More on Two Variable Relationships

 Home | Contact us   
  Main Concepts  | Demonstration  | Activity  | Teaching Tips  | Data Collection & Analysis  | Practice Questions  | Milestone   | Fathom Tutorial 
 

   

 Main Concepts

Not all relationships are linear. In this unit we explore some ways around this. Transforming non-linear relationships into linear relationships is a difficult concept for many students.

• Transforming the data to linearity
Some non-linear relationships can be transformed into linear relationships by transforming either the x variable, the y variable, or both. Although there is an infinite variety of transforming functions to consider, in practice (in this course) only power transformations, exponentials, and logarithms are used. Sometimes the appropriate transform is suggested by a theory that prescribes the relation (e.g. a physics equation) but also, sometimes, one simply tries a transform and sees if it makes the residual plot look better.

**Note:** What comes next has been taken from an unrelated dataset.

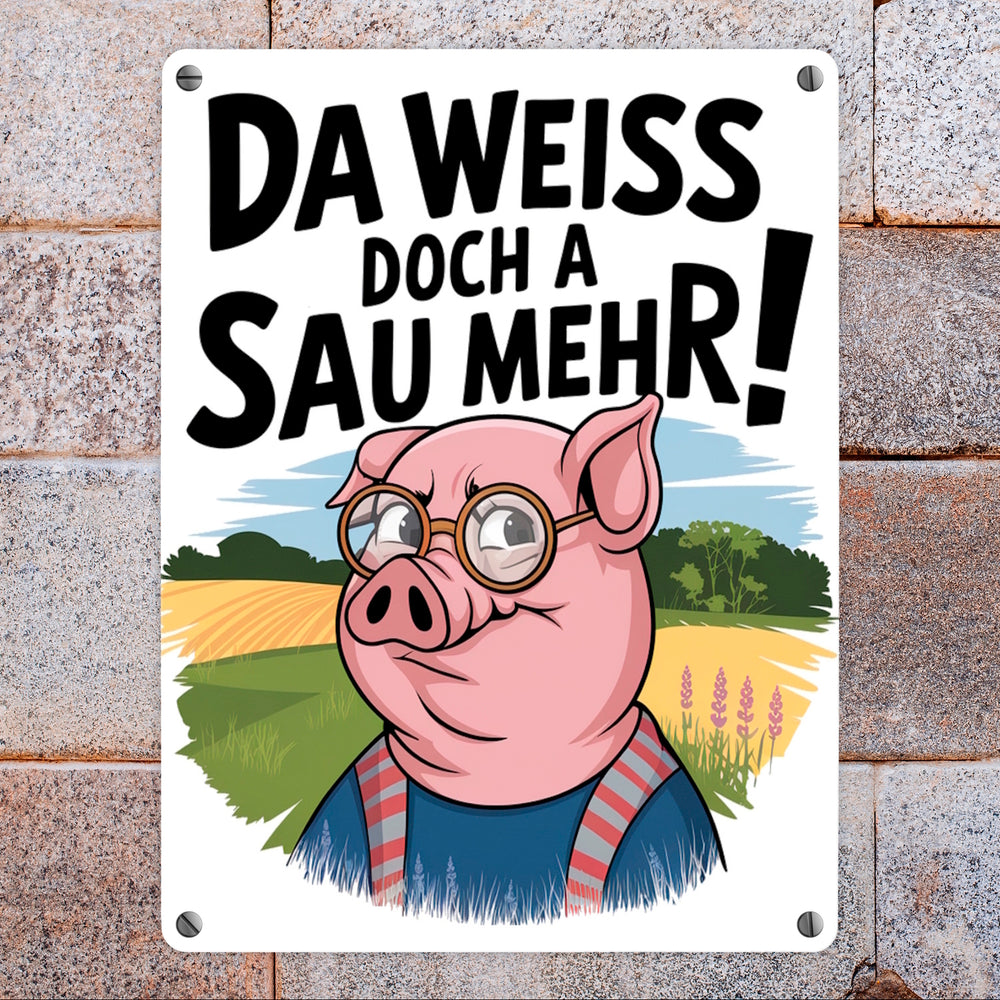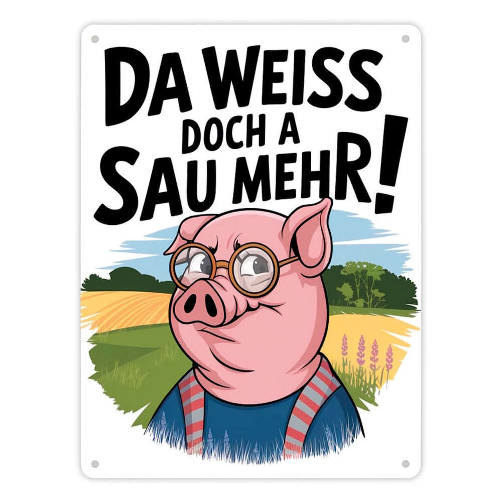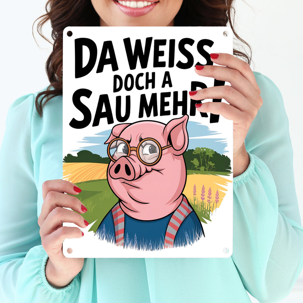 - Dieses Metallschild vereint Humor und Stil mit einer cleveren Cartoon-Sau im Fokus. Die Sau trägt eine Brille und ein blaues Hemd mit roten Streifen und steht vor einer idyllischen Landschaft. Ein fetter Spruch krönt das Design: "Da weiß doch a Sau mehr!". Perfekt für Fans von witzigem, ländlichem Charme!

• Errors in Interpretation of Regression
Causal relations can not be inferred from regressions, correlations, or scatterplots. Language is important here. Algebra teaches us that the slope tells us the "change in y for a unit change in x". But in most contexts in which we interpret regression, x was not observed to change (and it may not even be possible to change it.)

• Aggregate data
Many data sets are actually aggregates of larger collections of data, and these can lead to a false sense of security. For example, suppose we examine the average SAT score by state with the average expenditure per pupil. The "actual" data consists of the SAT scores of the many thousands of students in each state plotted against, say, that state's average expenditure. Had we plotted each student's SAT score vs. state expenditures we would have seen a much "messier" scatter plot, and would have had a much lower R-squared value. This means that the correct interpretation will include a statement about the relationship between states' scores and states' expenditures, and not about individuals' scores and states' expenditures (which would be a much weaker relation).

• Extrapolating
Try not to do this, particularly if you are a weatherman or stock broker. The idea is that many, many phenomena are linear for short segments, but non-linear over a larger scale. So if you try to predict a y-value for x's that are beyond the range of observed data, you are implicitly assuming that the relationship will continue to be linear (with the same slope) beyond the range of observed data. And this is an assumption that is often impossible to verify and many times is untrue.